Hades indeed complied with the request, but first he tricked her giving her a kernel of a pomegranate to eat. She ate four seeds, which correspond to the dry summer months in Greece. It was a rule of the Fates that whoever consumed food or drink in the Underworld was doomed to spend eternity there. Persephone was released by Hermes, who had been sent to retrieve her, but she was obliged to spend four months of a year in the underworld, and the remaining two thirds with the gods above. The various local traditions place Persephone's abduction in a different location. The Sicilians, among whom her worship was probably introduced by the Corinthian and Megarian colonists, believed that Hades found her in the meadows near Enna, and that a well arose on the spot where he descended with her into the lower world. The Cretans thought that their own island had been the scene of the rape, and the Eleusinians mentioned the Nysian plain in Boeotia, and said that Persephone had descended with Hades into the lower world at the entrance of the western Oceanus. Later accounts place the rape in Attica, near Athens, or near Eleusis.

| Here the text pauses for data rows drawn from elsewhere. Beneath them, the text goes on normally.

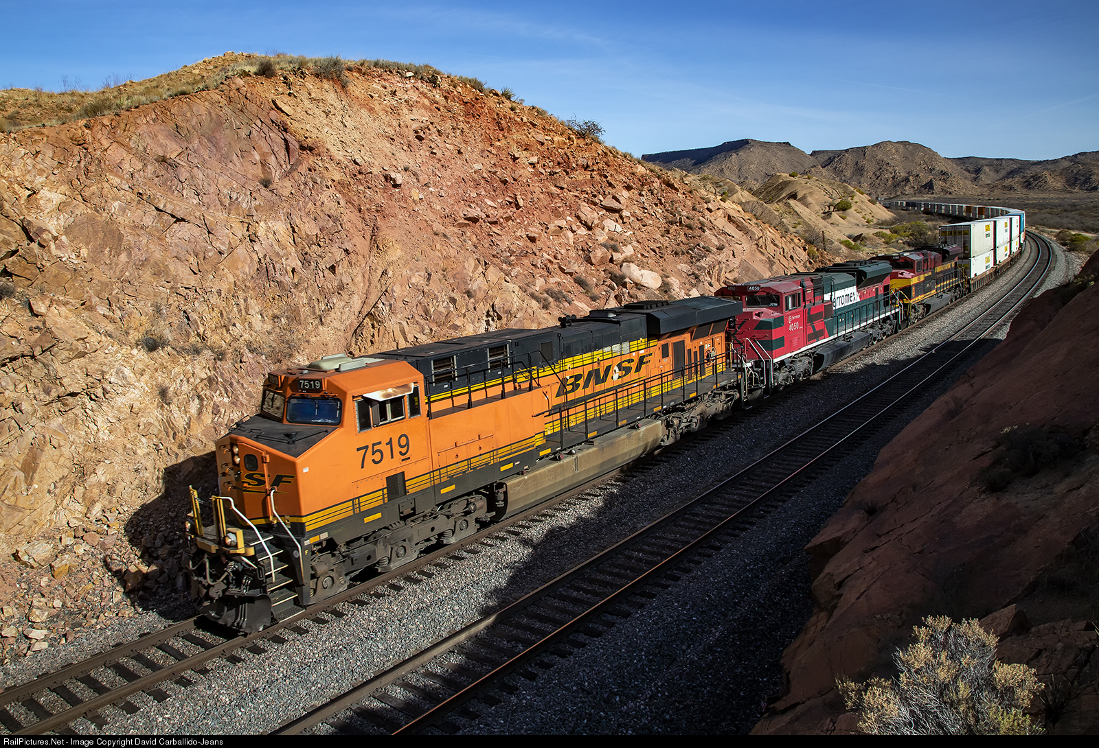 A short, but hot, Z ALTSTO9 (Alliance, TX to Stockton, CA) races through the rock cut near Hackberry with a Ferromex and Kansas City Southern SD70ACe trailing. At 2,500 ft, and 2,000 tons, three motors have no issue getting this little shooter up to track speed of 70 MPH.
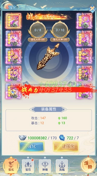 装备算是最容易获取的资源了,只要持续炼器就可以。之后对装备开展强化、镶嵌宝石、洗练这些操作,能显著提升装备的属性。
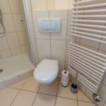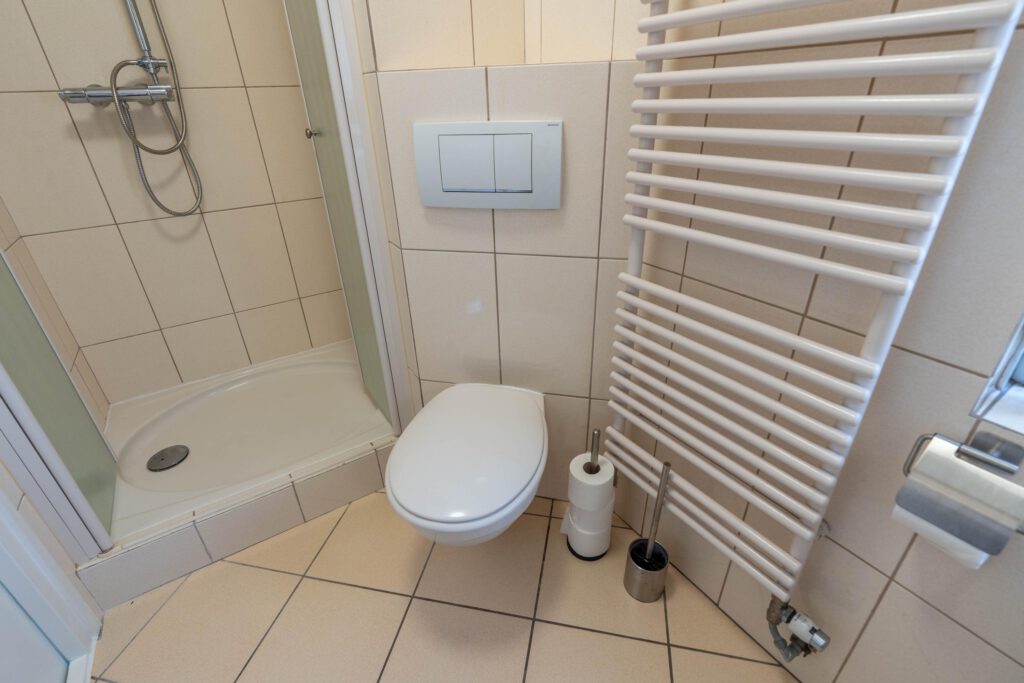 voorzien van een douchecabine, een tweede toilet en een groot badkamermeubel met veel
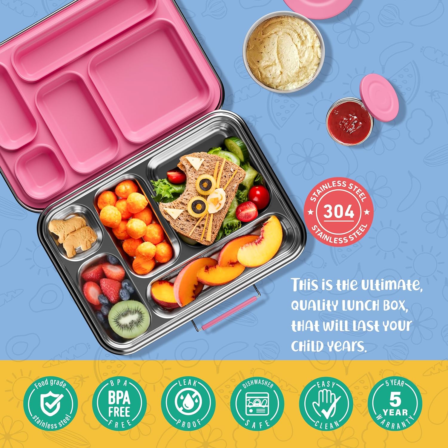 - Durable stainless steel silicone combination: Made from high-quality 304 stainless steel with an LFGB silicone seal, this bento box is dishwasher safe and built to last with a 5-year warranty.

The Homeric hymn mentions the Nysion (or Mysion), probably a mythical place which didn’t exist in the map. The locations of this mythical place may simply be conventions to show that a magically distant chthonic land of myth was intended in the remote past. Before Persephone was abducted by Hades, the shepherd Eumolpus and the swineherd Eubuleus, saw a girl being carried of into the earth which had violently opened up, in a black chariot, driven by an invisible driver. Eubuleus was feeding his pigs at the opening to the underworld when Persephone was abducted by Plouton. His swine were swallowed by the earth along with her, and the myth is an etiology for the relation of pigs with the ancient rites in Thesmophoria, and in Eleusis.
In the hymn, Persephone returns and she is reunited with her mother near Eleusis. Demeter as she has been promised established her mysteries (orgies) when the Eleusinians built for her a temple near the spring of Callichorus. These were awful mysteries, which were not allowed to be uttered. The uninitiated would spent a miserable existence in the gloomy space of Hades, after death.
In some versions, Ascalaphus informed the other deities that Persephone had eaten the pomegranate seeds. When Demeter and her daughter were reunited, the Earth flourished with vegetation and color, but for some months each year, when Persephone returned to the underworld, the earth once again became a barren realm. This is an origin story to explain the seasons.
In an earlier version, Hecate rescued Persephone. On an Attic red-figured bell krater of ca 440 BC in the Metropolitan Museum of Art, Persephone is rising as if up stairs from a cleft in the earth, while Hermes stands aside; Hecate, holding two torches, looks back as she leads her to the enthroned Demeter.
The tenth-century Byzantine encyclopedia Suda introduces a goddess of a blessed afterlife assured to Orphic mystery initiates. This Macaria is asserted to be the daughter of Hades, but no mother is mentioned.